▼
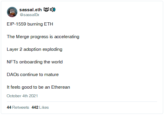 作為一個從 2017 年初就一直在以太坊生態圈的人,我可以肯定地說,我從來沒有像今天這樣對以太坊的未來如此樂觀。經過多年的努力,我們正在看到以太坊 L1 方面 (EIP-1559 和其他主要的升級)、L2 方面 (Rollups 正大步前進) 以及應用層方面 (DeFi、NFTs、DAOs 等等) 的成果。我們正處于以太坊的黃金時代。于我而言,最讓我興奮的是,以太坊生態系統真的像是一個「不夜城」。一天中無論什么時候都有事情發生,且你可以隨時使用以太坊網絡。很明顯,這與互聯網長期以來的運作方式非常相似,但我們從來沒有一個始終開放和去中心化的價值轉移系統——至少對我來說,這是以太坊帶給世界的最令人興奮的創新。讓我們深入探討以太坊中正在發生的一些令人興奮的事情。讓我們從「合并」開始。這方面正在取得驚人的進展,參與以太坊共識層和執行層開發的大多數開發人員現在都在集中精力完成合并。據我所知,有關合并的大多數核心研究已經完成,各客戶團隊正在相關的功能構建方面取得進展 (針對合并的開發者測試網和公開測試網將在未來幾個月上線)。當然,我們距離主網的合并還有一段時間 (2022年第一季度或者第二季度) ,但我相信,研究人員和開發人員將花費盡可能多的時間來確保一切順利和安全進行。畢竟,這將是以太坊歷史上最大的一次升級——我們想把它做好。在過去幾個月里,對整個以太坊生態系統來說,有一件事變得更加清晰了,那就是以太坊將如何實現擴展:Rollups(和零知識技術) 是當前所有可擴展性研究人員/開發人員都在研究的謝林點,且他們似乎也有一個普遍共識,即「模塊化的區塊鏈」設計是以太坊應該努力的方向;在此基礎上,未來我們還將實現數據分片 (data sharding),以增強這些需要大量數據的 Rollups,給予 Rollups 更大的擴展性。盡管在數據分片實現之前,我們已經有了混合解決方案,比如 Validium 和 Volition,它們以一定的安全性為代價 (因為它們將數據放在鏈下),從而實現大規模擴展。與此同時,NFTs(非同質化代幣) 已經成為非加密原生用戶進入 Crypto 領域最好和最簡單的工具。NFTs 的特別之處在于,它們對于新的 Crypto 用戶更加友好,因為 NFTs 生態系統不像 DeFi 那樣充滿了復雜的金融術語。最重要的是,對于普通人而言,NFTs 的收藏和交易要比金融活動更加有趣和直觀 —— 我的意思是,在傳統金融系統中,普通人什么時候會去向什么產品提供流動性呢?不要誤會我的意思,我仍然認為 DeFi 將是一個巨大的市場,但它不會成為大多數人進入 Crypto 領域的「大門」。最后,我們現在有許多不同形式的 DAOs(去中心化自治組織) 存在于以太坊生態系統中,從像 Maker 這樣的老派 DAOs,到“社交代幣” (social token) 生態系統中的新時代 DAOs。不過,這里有一條貫穿線——所有這些 DAOs 都集中于改善全球參與者之間的社會和經濟協調——所有這些 DAOs 都不存在中心化的中介方。當涉及到 DAOs 時,我認為可以采取“百花好放”的方法,這允許人們進行快速實驗、創新并最終取得進展。以上是為何我認為以太坊正處于黃金時代的簡單闡述,我甚至還沒有談及像 DeFi 和新興的社交代幣生態系統。當然,并不是每一個基于以太坊的用例都能獲得長期成功 (1COs 就是其中之一),但作為一個生態系統,我們會隨著時間的推移了解哪些用例是有生命力的,哪些是轉瞬即逝的。因為畢竟,以太坊允許你在世界上任何地方建造任何你想要的東西。
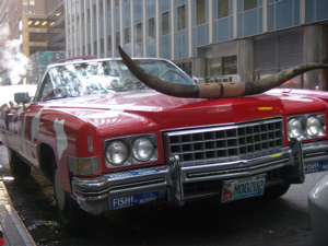 This cowboy drove his herd down from Maine. The car was parked on 43rd between Lexington and 3rd, so maybe he was rustlin’ up some shares at a stock broker’s ranch. Yippie-kai-yay, dude. Yippie-kai-yay.
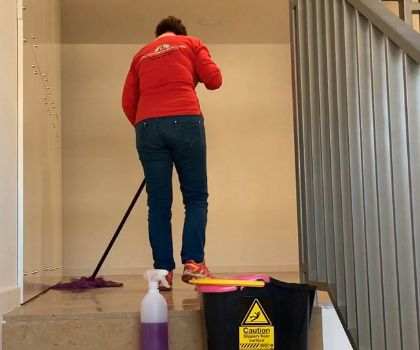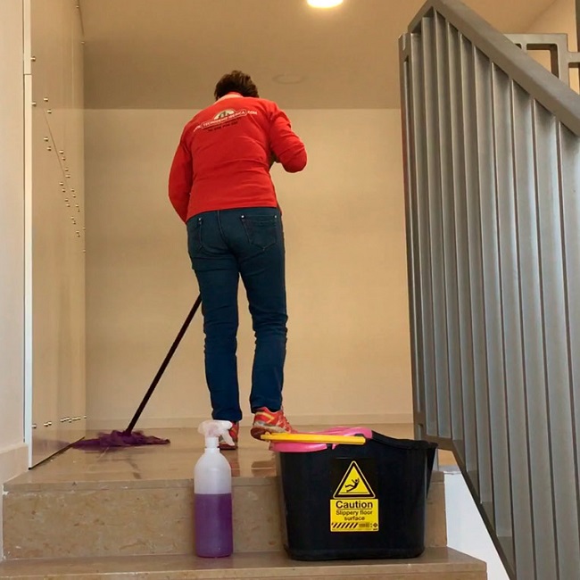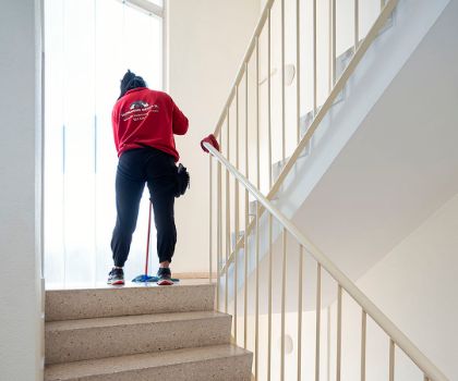 Limpieza de áreas comunes como pasillos, escaleras y portales, manteniendo la higiene de zonas compartidas.
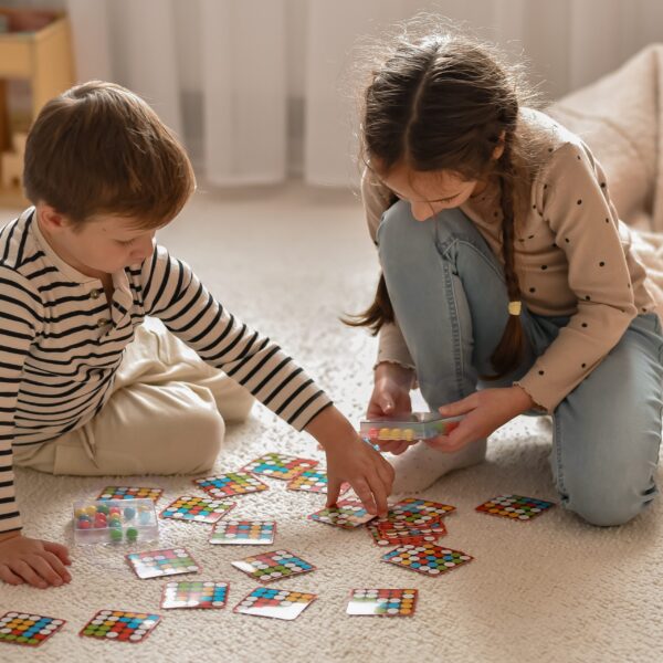 Dzieci analizują, planują i nanoszą kolory. Idealny zestaw do ćwiczenia percepcji wzrokowej, widzenia przestrzennego i wyobraźni.
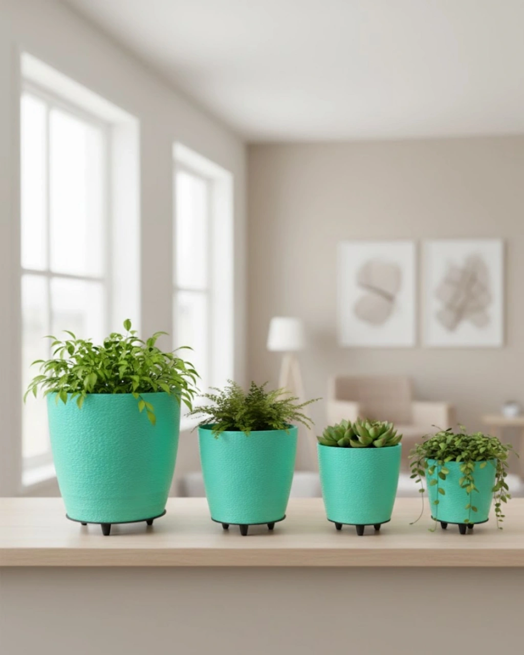 4’lü 3D Dekoratif Yeşil Vazo Takımı, dekorasyonda sadelik ve şıklığı bir araya getirir. 3D dokulu yüzeyi ve modern ayak detayı ile estetik bir görünüm sunar. Mint yeşili rengi mekana canlılık ve huzur katar.Hem iç hem dış mekan kullanımına uygundur. Şık ve zamansız tasarımı sayesinde uzun yıllar dekorasyonunuza eşlik eder.
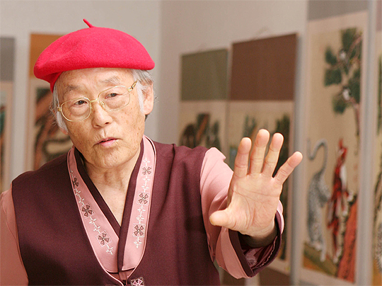 2년 전 민화 전공자 딸의 권유로 배우기 시작해 까치 호랑이를 소재로 한 민화전(19일까지 전북예술회관)까지 열고 있다.
▲
Starting at the first line of the material above and ending with the line that contains "Dzieci analizują, planują", reproduce every line exactly, and leave out the pictures.

**SOLUTION TO THE EXERCISE:**
 作為一個從 2017 年初就一直在以太坊生態圈的人,我可以肯定地說,我從來沒有像今天這樣對以太坊的未來如此樂觀。經過多年的努力,我們正在看到以太坊 L1 方面 (EIP-1559 和其他主要的升級)、L2 方面 (Rollups 正大步前進) 以及應用層方面 (DeFi、NFTs、DAOs 等等) 的成果。我們正處于以太坊的黃金時代。于我而言,最讓我興奮的是,以太坊生態系統真的像是一個「不夜城」。一天中無論什么時候都有事情發生,且你可以隨時使用以太坊網絡。很明顯,這與互聯網長期以來的運作方式非常相似,但我們從來沒有一個始終開放和去中心化的價值轉移系統——至少對我來說,這是以太坊帶給世界的最令人興奮的創新。讓我們深入探討以太坊中正在發生的一些令人興奮的事情。讓我們從「合并」開始。這方面正在取得驚人的進展,參與以太坊共識層和執行層開發的大多數開發人員現在都在集中精力完成合并。據我所知,有關合并的大多數核心研究已經完成,各客戶團隊正在相關的功能構建方面取得進展 (針對合并的開發者測試網和公開測試網將在未來幾個月上線)。當然,我們距離主網的合并還有一段時間 (2022年第一季度或者第二季度) ,但我相信,研究人員和開發人員將花費盡可能多的時間來確保一切順利和安全進行。畢竟,這將是以太坊歷史上最大的一次升級——我們想把它做好。在過去幾個月里,對整個以太坊生態系統來說,有一件事變得更加清晰了,那就是以太坊將如何實現擴展:Rollups(和零知識技術) 是當前所有可擴展性研究人員/開發人員都在研究的謝林點,且他們似乎也有一個普遍共識,即「模塊化的區塊鏈」設計是以太坊應該努力的方向;在此基礎上,未來我們還將實現數據分片 (data sharding),以增強這些需要大量數據的 Rollups,給予 Rollups 更大的擴展性。盡管在數據分片實現之前,我們已經有了混合解決方案,比如 Validium 和 Volition,它們以一定的安全性為代價 (因為它們將數據放在鏈下),從而實現大規模擴展。與此同時,NFTs(非同質化代幣) 已經成為非加密原生用戶進入 Crypto 領域最好和最簡單的工具。NFTs 的特別之處在于,它們對于新的 Crypto 用戶更加友好,因為 NFTs 生態系統不像 DeFi 那樣充滿了復雜的金融術語。最重要的是,對于普通人而言,NFTs 的收藏和交易要比金融活動更加有趣和直觀 —— 我的意思是,在傳統金融系統中,普通人什么時候會去向什么產品提供流動性呢?不要誤會我的意思,我仍然認為 DeFi 將是一個巨大的市場,但它不會成為大多數人進入 Crypto 領域的「大門」。最后,我們現在有許多不同形式的 DAOs(去中心化自治組織) 存在于以太坊生態系統中,從像 Maker 這樣的老派 DAOs,到“社交代幣” (social token) 生態系統中的新時代 DAOs。不過,這里有一條貫穿線——所有這些 DAOs 都集中于改善全球參與者之間的社會和經濟協調——所有這些 DAOs 都不存在中心化的中介方。當涉及到 DAOs 時,我認為可以采取“百花好放”的方法,這允許人們進行快速實驗、創新并最終取得進展。以上是為何我認為以太坊正處于黃金時代的簡單闡述,我甚至還沒有談及像 DeFi 和新興的社交代幣生態系統。當然,并不是每一個基于以太坊的用例都能獲得長期成功 (1COs 就是其中之一),但作為一個生態系統,我們會隨著時間的推移了解哪些用例是有生命力的,哪些是轉瞬即逝的。因為畢竟,以太坊允許你在世界上任何地方建造任何你想要的東西。
 This cowboy drove his herd down from Maine. The car was parked on 43rd between Lexington and 3rd, so maybe he was rustlin’ up some shares at a stock broker’s ranch. Yippie-kai-yay, dude. Yippie-kai-yay.
 Limpieza de áreas comunes como pasillos, escaleras y portales, manteniendo la higiene de zonas compartidas.
 Dzieci analizują, planują i nanoszą kolory. Idealny zestaw do ćwiczenia percepcji wzrokowej, widzenia przestrzennego i wyobraźni.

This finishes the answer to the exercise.